Reputation: 7898
Given a string with a date in an unknown format and other text, how can I separate the two?
>>dparser.parse("monkey 2010-07-10 love banana",fuzzy=True)
datetime.datetime(2010, 7, 10, 0, 0)
from Extracting date from a string in Python is a step in the right direction, but what I want is the non-date text, for example:
date = 2010-07-10
str_a = 'monkey', str_b = 'love banana'
If the date string didn't have spaces in it, I could split the string and test each substring, but how about 'monkey Feb 20, 2015 loves 2014 bananas'
? 2014
and 2015
would both "pass" parse(), but only one of them is part of a date.

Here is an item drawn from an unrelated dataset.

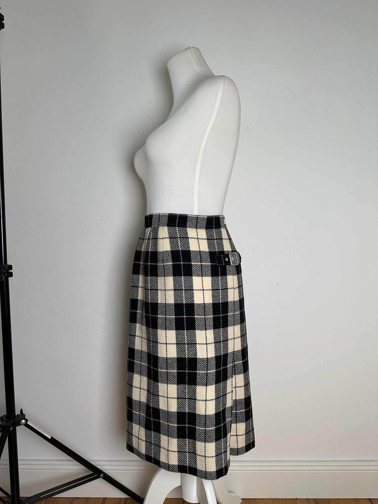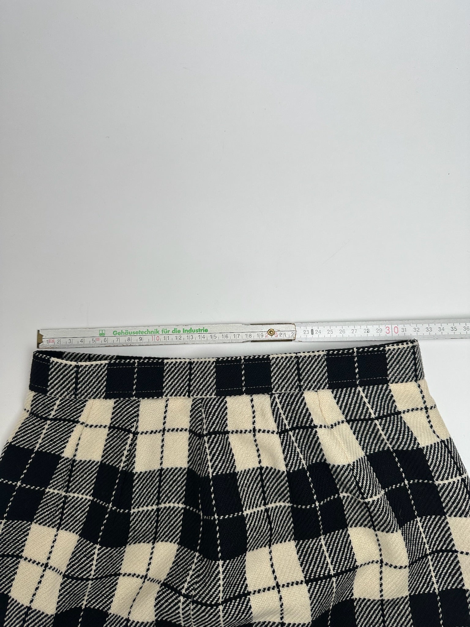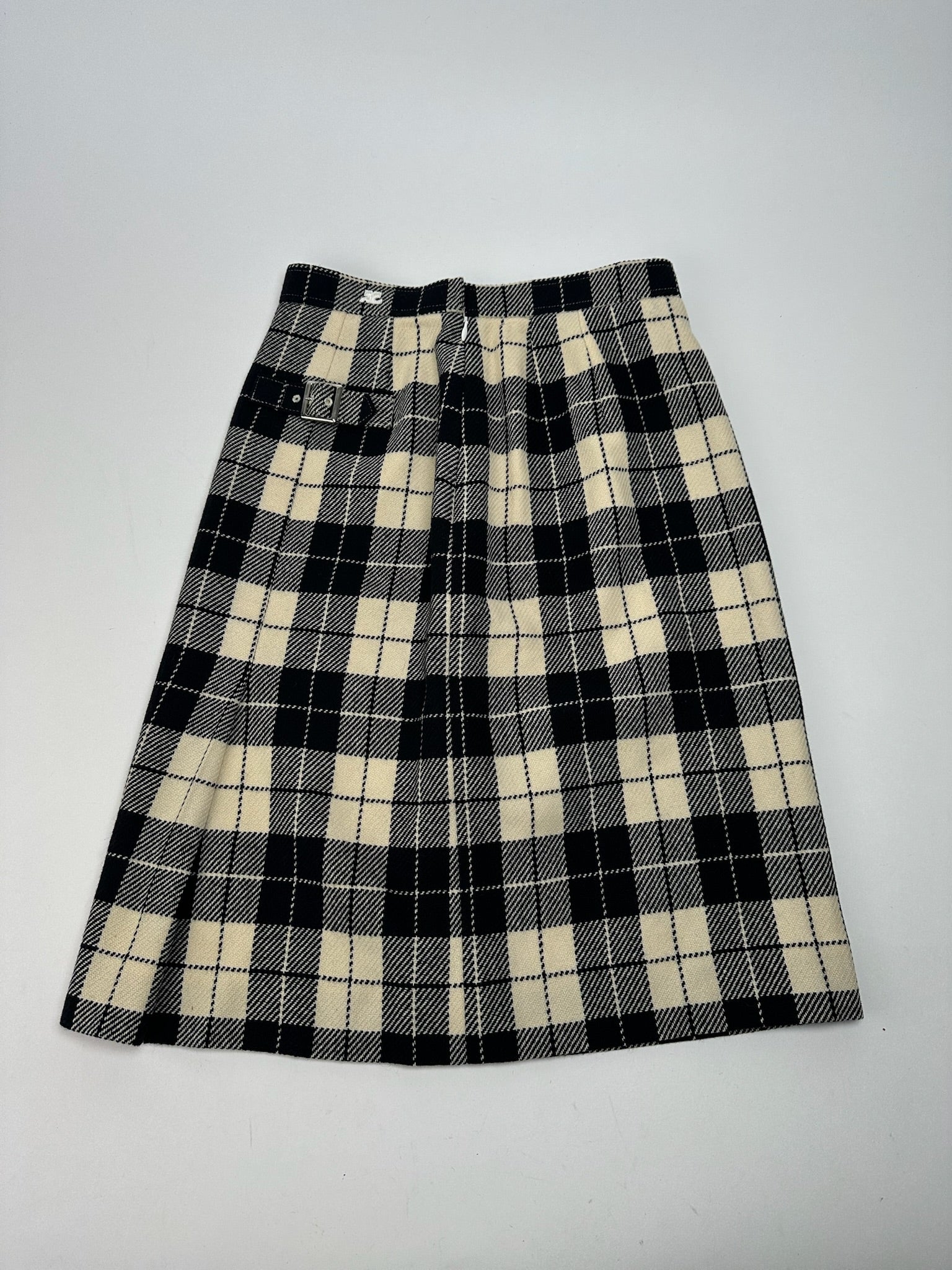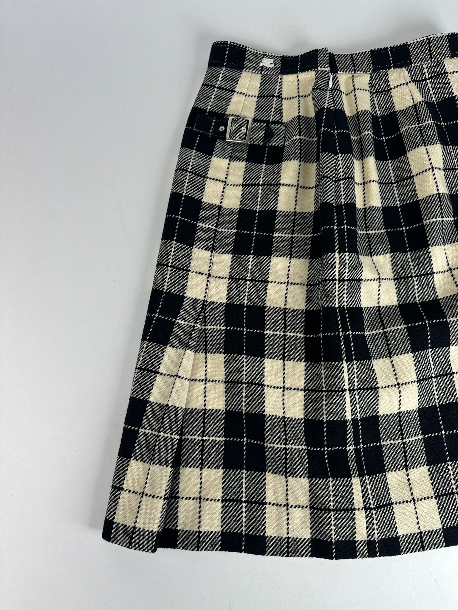 This chic skirt is crafted from soft wool and features a timeless checkered pattern in beige, white, grey, and black. The high waist design is complemented by belt-like side appliqués that allow for adjustable fit. Finished with silver-toned steel hardware for a refined look.

EDIT: there doesn't seem any reasonable way to deal with 'monkey Feb 20, 2015 loves 2014 bananas'
That leaves 'monkey Feb 20, 2015 loves bananas'
or 'monkey 2/20/2015 loves bananas'
or 'monkey 20 Feb 2015 loves 2014 bananas'
or other variants as things parse() can deal with.
Upvotes: 1
Views: 518
Reputation: 107287
You can use regex to extract the words , and for get ride of month names you can check that your strings not in calendar.month_abbr
and calendar.month_name
:
>>> import clalendar
>>> def word_find(s):
... return [i for i in re.findall(r'[a-zA-Z]+',s) if i.capitalize() not in calendar.month_name and i.capitalize() not in calendar.month_abbr]
Demo:
>>> s1='monkey Feb 20, 2015 loves 2014 bananas'
>>> s2='monkey Feb 20, 2015 loves bananas'
>>> s3='monkey 2/20/2015 loves bananas'
>>> s4='monkey 20 Feb 2015 loves 2014 bananas'
>>> print word_find(s1)
['monkey', 'loves', 'bananas']
>>> print word_find(s2)
['monkey', 'loves', 'bananas']
>>> print word_find(s3)
['monkey', 'loves', 'bananas']
>>> print word_find(s4)
['monkey', 'loves', 'bananas']
and this :
>>> s5='monkey 20 January 2015 loves 2014 bananas'
>>> print word_find(s5)
['monkey', 'loves', 'bananas']
Upvotes: 1
Reputation: 414129
To find date/time in a natural language text and to return their positions in the input text and thus allowing to get non-date text:
#!/usr/bin/env python
import parsedatetime # $ pip install parsedatetime
cal = parsedatetime.Calendar()
for text in ['monkey 2010-07-10 love banana',
'monkey Feb 20, 2015 loves 2014 bananas']:
indices = [0]
for parsed_datetime, type, start, end, matched_text in cal.nlp(text) or []:
indices.extend((start, end))
print([parsed_datetime, matched_text])
indices.append(len(text))
print([text[i:j] for i, j in zip(indices[::2], indices[1::2])])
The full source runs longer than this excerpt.